While it is uncommon for a mental illness to be caused by a virus or other infection, it does happen, as well as mental illness caused by exposure to toxins such as lead and mercury. As far as deficiencies go, mental health is no different. Deficiencies in belonging, connection with others, purpose and love can cause loneliness and depression, deficiencies in stability and trust can cause anxiety.
Where a physical injury is not treated properly infection can set in with very serious consequences. It’s the same with mental health. Chronic clinical depression, debilitating anxiety and PTSD are the gangrene of not addressing mental injury and allowing it to fester.
There is a misconception that stress-related illness occurs at the same time as the stress. This is not true – it very often occurs much later, once the stress has passed and the body starts to relax and lowers its defenses. In the last decade or so we have been seeing a dramatic increase in chronic diseases that are difficult to diagnose and often seem to have no pathological cause. Diseases like functional neurological disorders, hypersensitivities and autoimmune disorders. Interestingly, often in these cases there is a traumatic event(s) in the past that caused significant stress and emotional distress.
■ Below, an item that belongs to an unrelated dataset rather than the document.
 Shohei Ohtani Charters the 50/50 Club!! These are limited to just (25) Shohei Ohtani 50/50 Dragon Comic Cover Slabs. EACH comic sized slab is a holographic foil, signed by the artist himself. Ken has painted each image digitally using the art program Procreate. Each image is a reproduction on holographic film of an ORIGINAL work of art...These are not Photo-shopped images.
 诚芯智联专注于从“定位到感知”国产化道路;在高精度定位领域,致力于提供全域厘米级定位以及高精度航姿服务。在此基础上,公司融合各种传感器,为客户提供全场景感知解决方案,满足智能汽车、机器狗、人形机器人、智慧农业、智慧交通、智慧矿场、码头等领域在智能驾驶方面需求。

Though at the time, the patient may have thought they were coping, it would suggest the damage was already being done and for some reason, which we have yet to understand, manifested years later as mysterious seemingly unexplainable illness, in a similar way that a person may develop asbestosis decades after exposure to asbestos.
Mental Health and Happiness
It is important to note that mental illness is not the opposite of happiness. People make the assumption that if someone has anxiety or depression then they must automatically be unhappy.
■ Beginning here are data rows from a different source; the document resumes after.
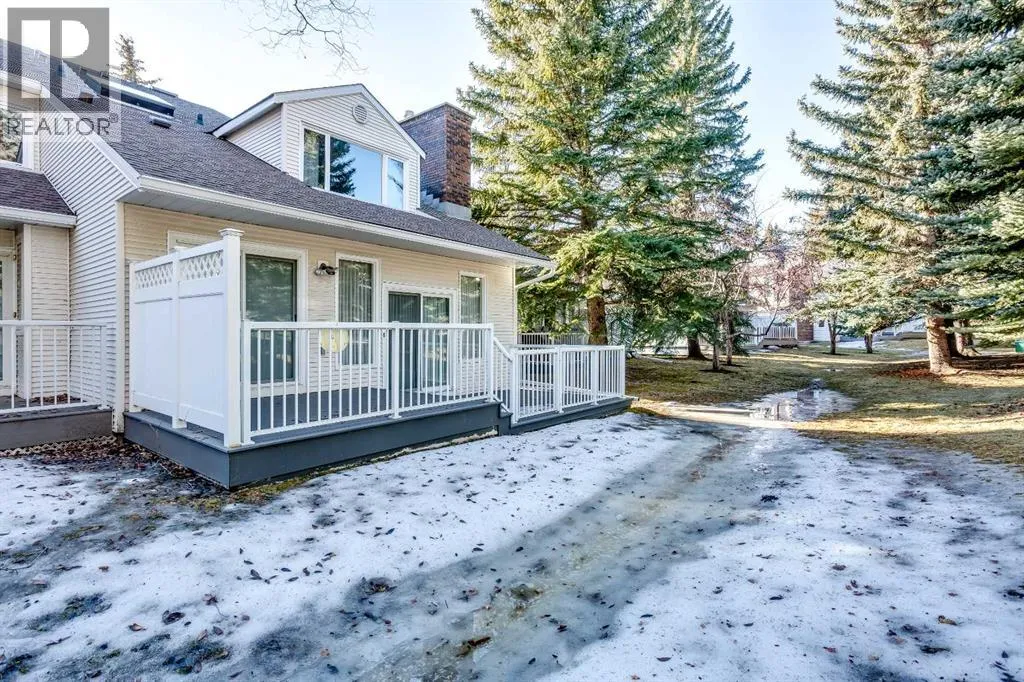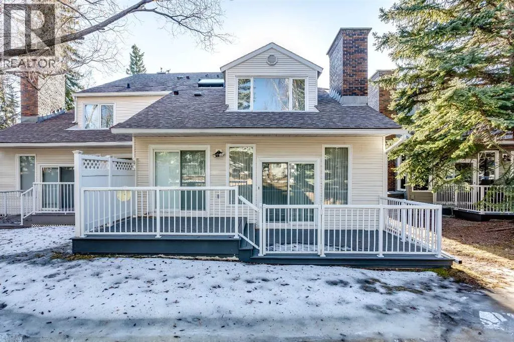 Fantastic opportunity to live in Woodridge Estates, ideally located in the established community of Woodlands and bordering Fish Creek Park. This spacious townhome features a pleasing and functional floor plan with 3 bedrooms and 3 bathrooms, a main-floor den, formal dining room, and a sunken living room filled with natural light. The renovated kitchen includes a breakfast nook and opens to a deck off both the living room and nook, perfect for enjoying the peaceful surroundings.Upstairs, the large primary bedroom offers a sitting area and a 5-piece ensuite, while the second bedroom provides generous space. The fully developed lower level includes a recreation room and a versatile flex room. Additional highlights include a double attached garage and an unbeatable location with direct access to Fish Creek Parkâs walking and biking paths. Conveniently close to shopping, Costco, and Stoney Trail, this home combines space, comfort, and an exceptional setting. A Great Place to Call Home (id:27476)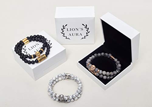 ✅ HOCHWERTIG – Jede Perle ist ein Unikat. Sie sind schätze aus der Erde. Sie wurden auf 8mm poliert. In Kombination mit den Löwen-Details entsteht ein perfekter Kontrast.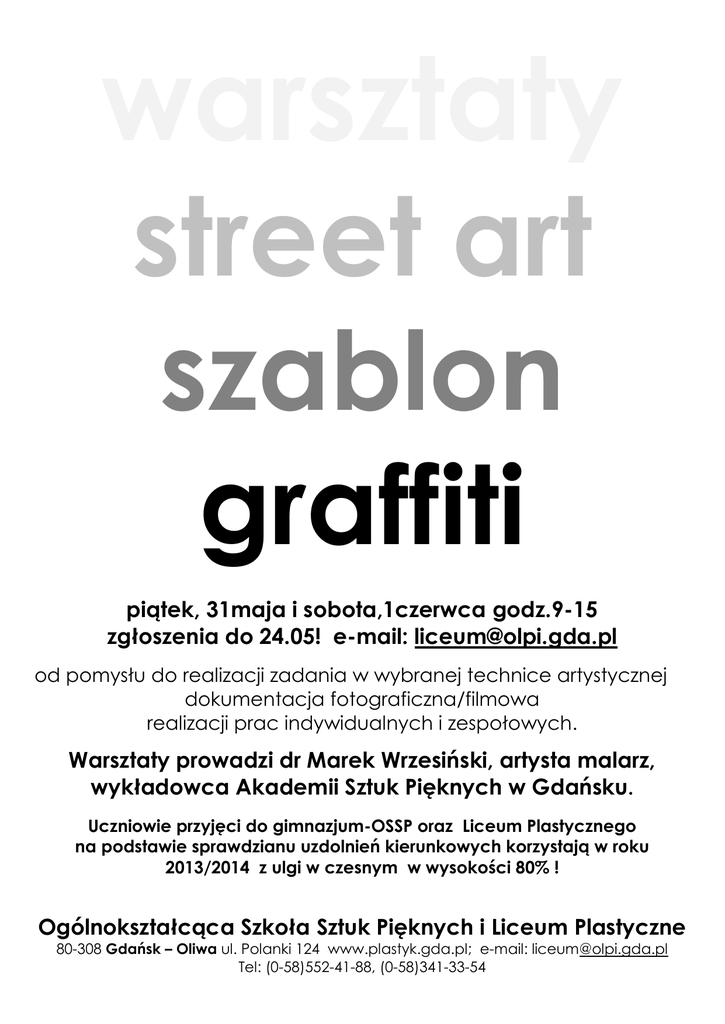 warsztaty street art szablon graffiti piątek, 31maja i sobota,1czerwca godz.9-15 zgłoszenia do 24.05! e-mail: [email protected] od pomysłu do realizacji zadania w wybranej technice artystycznej dokumentacja fotograficzna/filmowa realizacji prac indywidualnych i zespołowych. Warsztaty prowadzi dr Marek Wrzesiński, artysta malarz, wykładowca Akademii Sztuk Pięknych w Gdańsku. Uczniowie przyjęci do gimnazjum-OSSP oraz Liceum Plastycznego na podstawie sprawdzianu uzdolnień kierunkowych korzystają w roku 2013/2014 z ulgi w czesnym w wysokości 80% ! Ogólnokształcąca Szkoła Sztuk Pięknych i Liceum Plastyczne 80-308 Gdańsk – Oliwa ul. Polanki 124 www.plastyk.gda.pl; e-mail: [email protected] Tel: (0-58)552-41-88, (0-58)341-33-54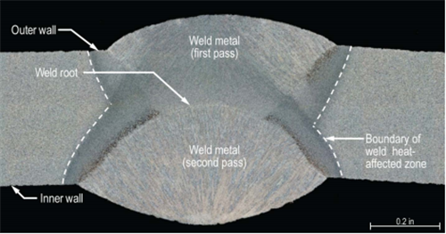 4 、5號短管的縱向焊縫外部均采用熔焊處理,內部采用手工電弧焊。焊縫外表面經(jīng)過(guò)了打磨處理。4號短管接近焊透,5號短管外部熔深1.85 mm,內部熔深1.83 mm。經(jīng)X光檢測,4號短管直焊縫存在表面未焊透、氣孔、咬邊缺陷,5號短管整個(gè)直焊縫區均存在未焊透缺陷。

I see so much advice for self-care to promote mental health and while this is useful and necessary there is a hidden message – that good mental health is the same as happy mental health. Good mental health doesn’t guarantee happiness any more than physical health. It certainly helps, but it’s no guarantee.
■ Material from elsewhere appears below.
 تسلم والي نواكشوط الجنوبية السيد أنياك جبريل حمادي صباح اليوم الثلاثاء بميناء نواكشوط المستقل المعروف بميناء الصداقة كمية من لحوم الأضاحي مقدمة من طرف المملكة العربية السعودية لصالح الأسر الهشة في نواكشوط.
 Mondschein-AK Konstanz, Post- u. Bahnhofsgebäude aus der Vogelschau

This is because happiness is a state of mind and being not a mood or emotion. Someone can be struggling with mental and physical illness and yet be happy in life; while another can have no mental health issues and perfect physical health and fitness and yet be completely unhappy.
In an episode of the fictional TV show Instinct, psychologist Dr Dylan Reinhart proposes to his students during a lecture that happiness should be classed as a mental illness, because it is so statistically rare as to make it abnormal. I love this idea! If we’re going to label those who struggle with sadness, nerves and low mood as being mentally ill and suffering from depression and anxiety, then why don’t we also label those annoyingly cheerful and incessantly optimistic types as being mentally ill and suffering from mania and delusions?
I think much of our problem with mental health issues is that people have an idealised view of how life should be – that pain, unhappiness, struggle are bad and should not be tolerated. Yes, we all have the right to happiness, health, love and a comfortable life, but that doesn’t mean we’re entitled to those things.
In closing, I am not trying to diminish the reality of mental illness, rather what I’m trying to say is that we need to shift our focus from mental health and mental illness, to what it is to be human. Life is hard, life is messy, at times life will try to break you and we need to normalise the unpleasant feelings and emotions that we all go through from time to time. If we can do this, then we will achieve far more in the effort to combat mental illness.
Note: I am not a psychologist or counsellor and wrote this article from the point of view of how society views mental illness and as one who struggles at times with the effects of emotional injury.